THE TASK: Among the records below, find the line with "- mai 2023, voûte" and the line with "Tampico, Tamaulipas. - Apoyar". Set down both and every line between, exactly and with no pictures, but nothing else.

Records from a collection:

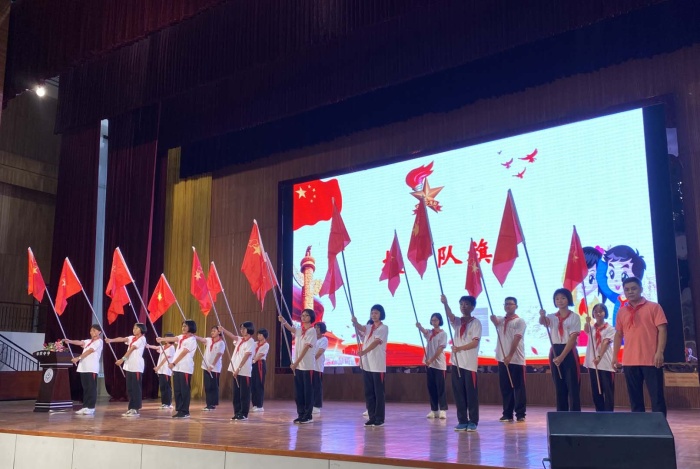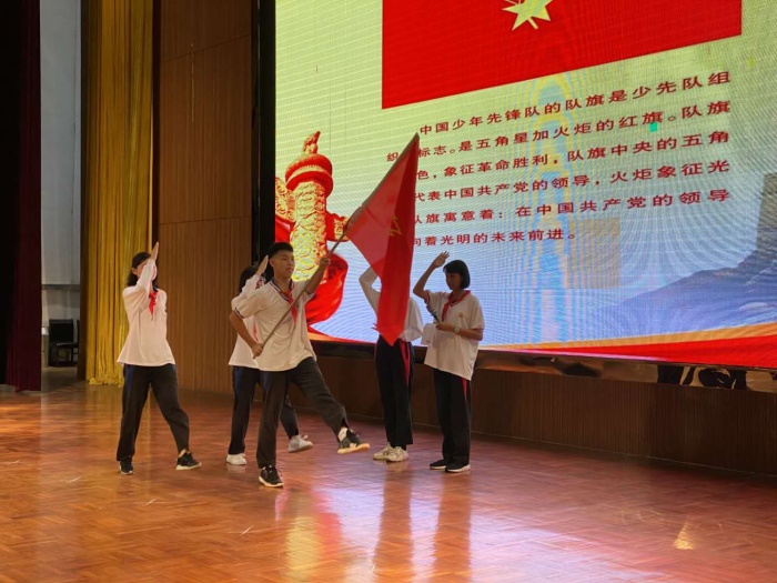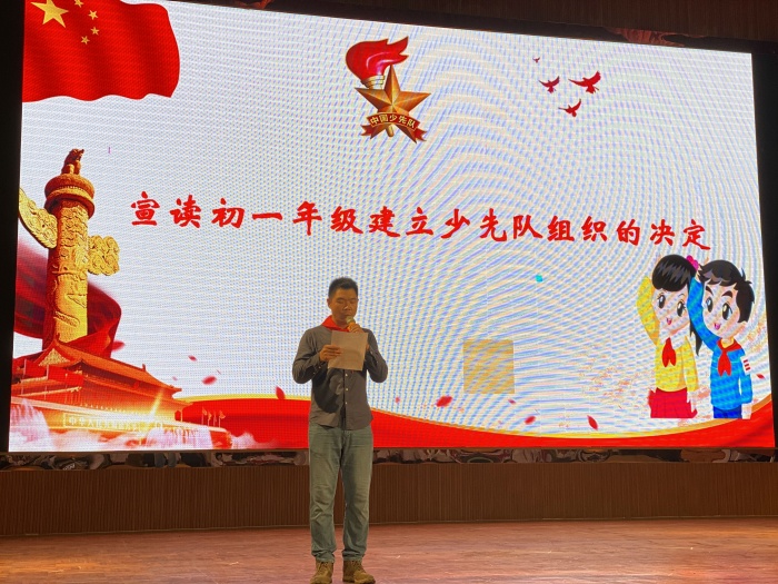 活動在奏唱國歌、出隊旗和唱隊歌中拉開序幕。首先,該校少先隊大隊輔導員楊勇宣讀了《初一年級建立少先隊組織的決定》, 并勉勵各中隊在大隊委的帶領下,積極開展豐富多彩的少先隊活動,使該校少先隊工作開創新局面;
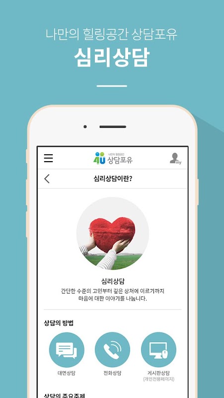 * 모바일 상담포유는 안드로이드 2.3.3, ios 7.0 이상 버전부터 지원 가능합니다.
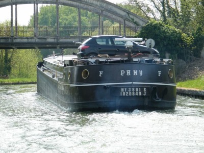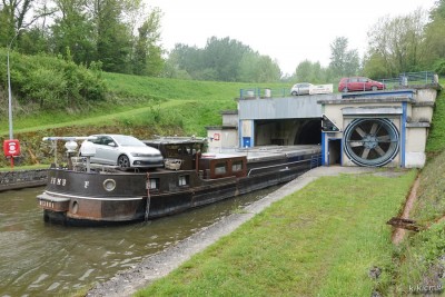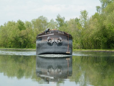 - mai 2023, voûte de Braye sur le canal d'Abbécourt : l'ancienne marquise, avec de l'orge de Château-Porcien (08) pour Dunkerque
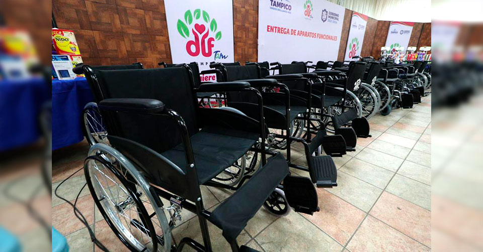 Tampico, Tamaulipas. - Apoyar a las familias vulnerables y facilitar el traslado de personas con algún tipo de discapacidad fomentando la inclusión, es misión del Sistema DIF Tampico, por ello, el presidente Municipal Chucho Nader y su esposa Aída Féres de Nader, presidenta del organismo encabezaron este martes la entrega de 59 aparatos funcionales y de movilidad asistida, mediante una inversión de 109 mil pesos.
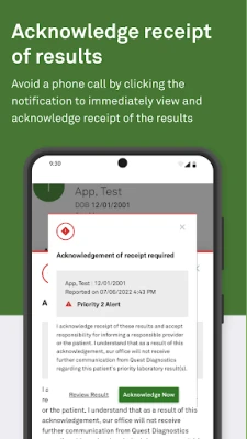 Quest Lab Alert for Physicians is a companion to the Quanum® Lab Services Manager application, both providing access to the same Priority and STAT results notifications. When a notification is received, you can click the notification to immediately view and acknowledge the results within the app. Results that are acknowledged via Quest Lab Alert for Physicians display the same acknowledgement message that appears when they are acknowledged within the Quanum Lab Services Manager application.
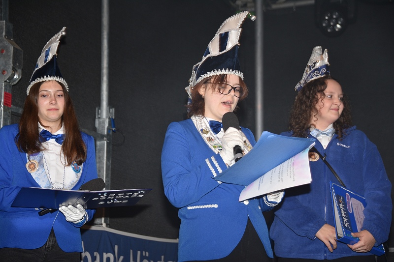 Eingebettet in ein würdiges Rahmenprogramm der CVWB-Tanzgarden und Karnevalsredner, mit Musik durch DJ Alex B. haben sich beide Prinzenpaare während der Proklamation mit ihren carnevalistischen Ansprachen ausgiebig dem Publikum vorgestellt. Anschließend wurden sie noch „märchenhaft“ gefeiert – getreu dem aktuellen Sessionsmotto des CVWB: „Grimms Bücher fest in Narrenhand, reist mit uns ins Märchenland“. Voller Marktplatz: Etwa 500 Närrinnen und Narren kamen auf dem Marktplatz in Beverungen zusammen, um gemeinsam die neuen Prinzenpaare zu feiern. Sitzungspräsidentin Emily Buxton führte mit viel Charme und Witz durch das Programm. Nonstop begeistert haben das Tanzmariechen und die großen und kleinen Tanzgarden des CVWB.
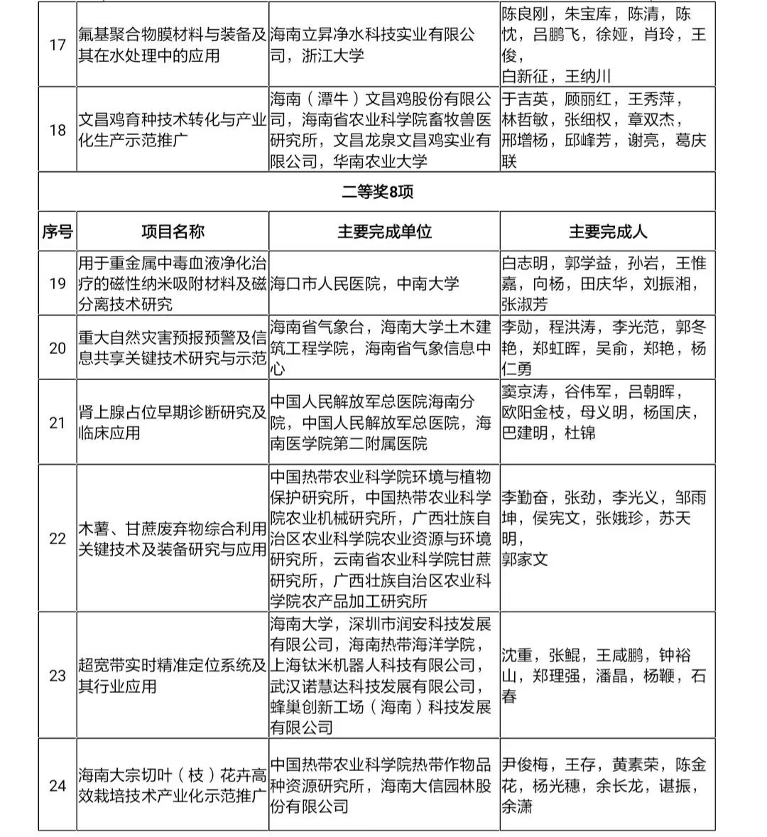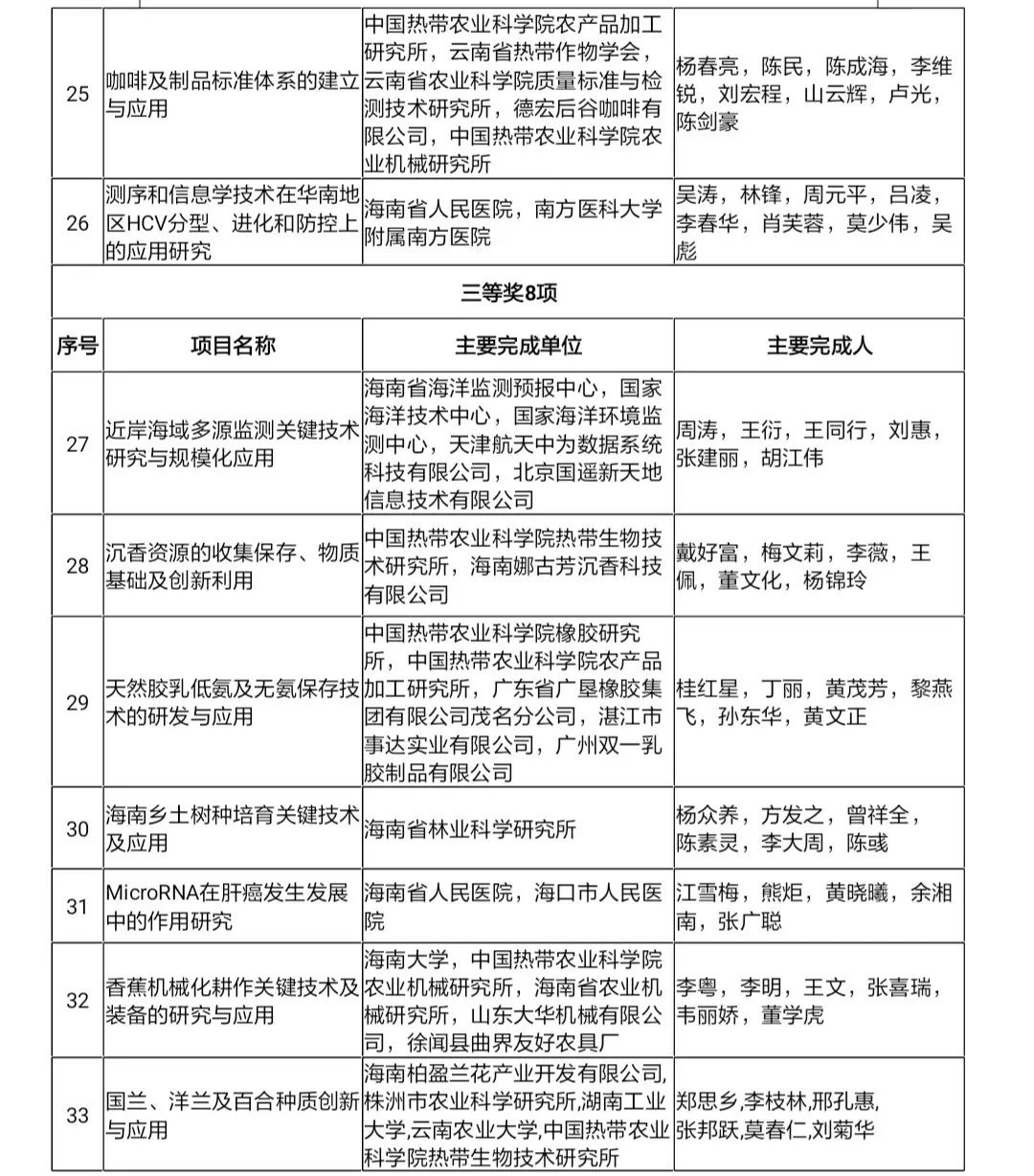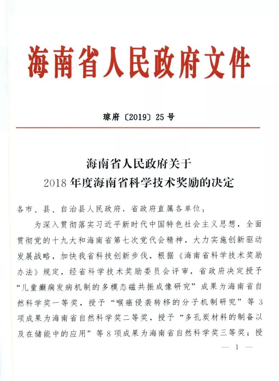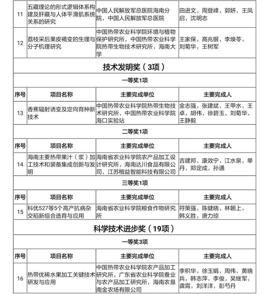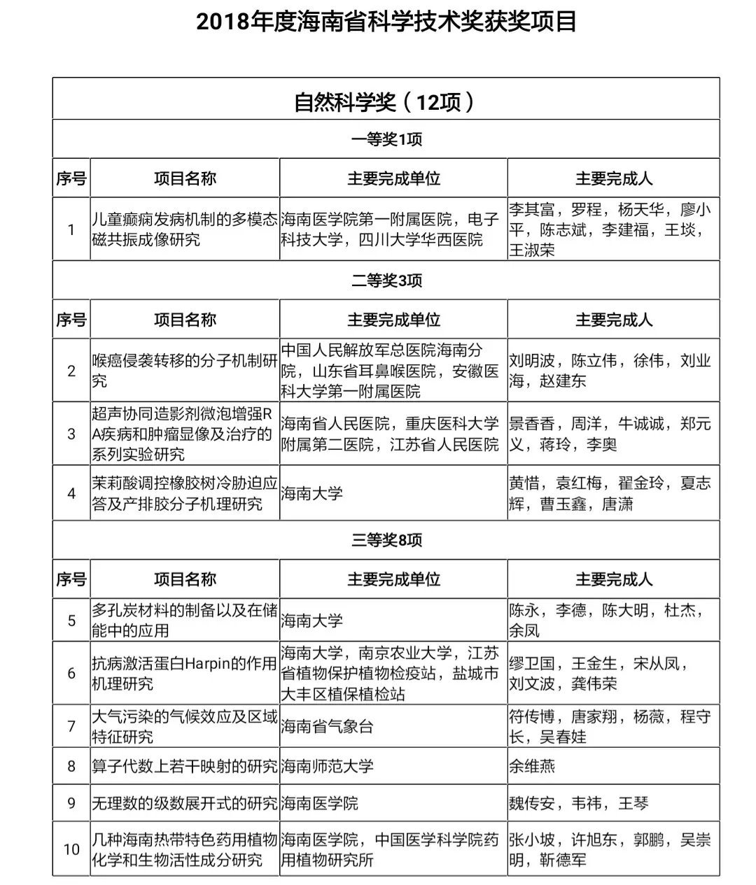 日前,海南省政府印发了《海南省人民政府关于2018年度海南省科学技术奖励的决定》,获奖项目35项,其中一等奖5项、二等奖12项、三等奖17项,国际科学技术合作奖1项。获奖项目主要分布在农林牧渔业、制造业、电子信息、科学研究和技术服务、卫生和社会等领域,紧密结合海南经济社会发展,多学科交叉整合、联合攻关,自主创新能力和总体水平呈上升趋势。

YOUR RESPONSE:
 - mai 2023, voûte de Braye sur le canal d'Abbécourt : l'ancienne marquise, avec de l'orge de Château-Porcien (08) pour Dunkerque
 Tampico, Tamaulipas. - Apoyar a las familias vulnerables y facilitar el traslado de personas con algún tipo de discapacidad fomentando la inclusión, es misión del Sistema DIF Tampico, por ello, el presidente Municipal Chucho Nader y su esposa Aída Féres de Nader, presidenta del organismo encabezaron este martes la entrega de 59 aparatos funcionales y de movilidad asistida, mediante una inversión de 109 mil pesos.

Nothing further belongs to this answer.